It’s a damn good question, I think. However, even assuming complete competence and dedication to duty on the part of the attorney and the original title search team / organization, it would seem to me that a problem with the title could surface at some point after their title search turned up no problems. I’ve also never heard of it happening, other than possible allusions to it at one time or another when I was a child and not paying attention to this stuff. But if the problem doesn’t show up until after the close, and if you can’t prove malfeasance, dereliction of duty or incompetence on the title searchers (and I would imagine that the time, trouble and expense to simply investigate that would be high), then it’s all on you, isn’t it? Sure, you could sue whoever had withheld material information, lied or destroyed evidence (all of that being difficult to prove: how do you prove “missing evidence”?), but that person may already be bankrupt.
I can even imagine instances where things like this might happen. Your title search is done prior to the closing, and between the completion of a successful and satisfactory title search and the close, what if the seller gets foreclosed upon? Or there was a lien placed against the property that hadn’t yet been recorded at the time of the search?
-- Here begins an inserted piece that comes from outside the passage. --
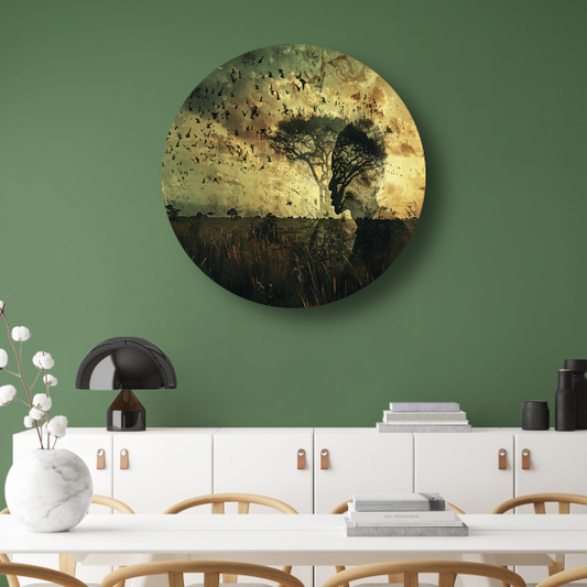 Mens en natuur versmolten in kunst aluminium muurcirkel
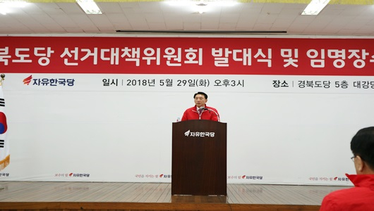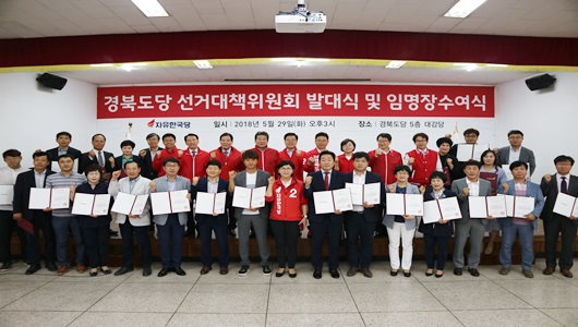 [경북=경북IT뉴스] 자유한국당 경북도당(위원장 김석기 국회의원)은 5월 29일 경북도당 강당에서 6.13 전국동시지방선거를 대비한 ‘자유한국당 경북선대위 발대식’을 가지고 선대위 조직 구성원들에게 선대위위촉장을 수여했다.

In a sort-of-related incident from my own childhood (I was ten at the time, so the details, which were never made explicit to me, are now even hazier), we were about to buy a new home. In fact, I’m sure that we had made an offer and it had been accepted. We were buying the home in a relatively new development, from the builder.
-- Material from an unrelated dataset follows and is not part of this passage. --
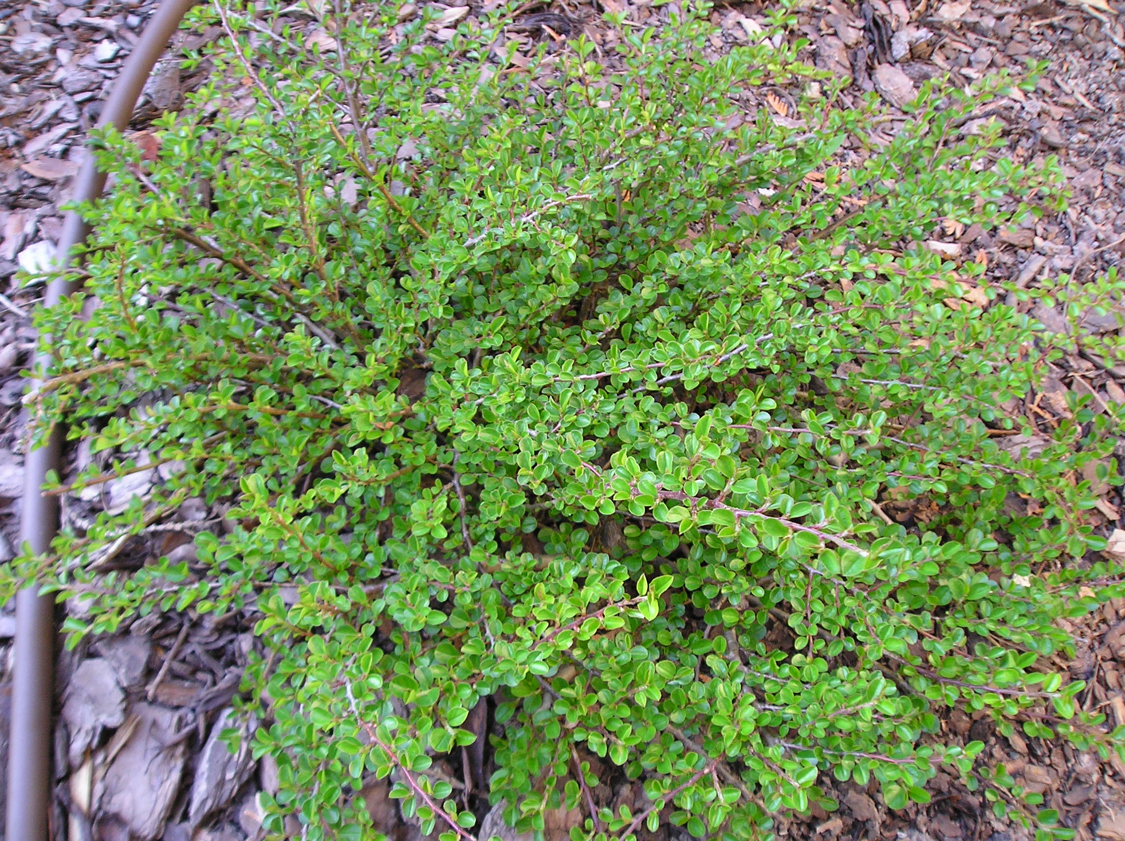 Irga położona (Cotoneaster adpressus) to niski, silnie rozrastający się krzew okrywowy o niemal poziomym pokroju, osiągający ok. 30-40 cm wysokości i znacznie większą szerokość. Sztywne, płożące pędy łatwo ukorzeniają się w kontakcie z podłożem, tworząc zwarte, stabilne dywany roślinne. Drobne, jajowate liście latem są zielone, natomiast jesienią intensywnie przebarwiają się na czerwone odcienie. Wiosną pojawiają się niewielkie, różowopurpurowe kwiaty, a pod koniec lata krzew zdobią błyszczące, pomarańczowoczerwone owoce. Najlepiej rośnie na glebach żyznych, umiarkowanie wilgotnych i przepuszczalnych, na stanowiskach słonecznych lub półcienistych. Doskonała na skarpy, zbocza, murki i jako roślina zadarniająca.

But it was winter time in New England, and we didn’t know at the time how close to bankruptcy the builder was. Since he had a buyer and figured he could “skate” until closing, he allowed the fuel oil to run out… in December. By the time my parents made their final walk-through (prior to close, I’m sure), my father discovered that the house – and all of the plumbing – was frozen. (I believe that we had even moved some furniture into the house, since Dad did all of our moving, and the house was only about 10–15 miles from our then-current house.) By that time, the thaw and disaster had begun, and I think my folks actually needed a lawyer to extricate themselves from the purchase commitment at that point.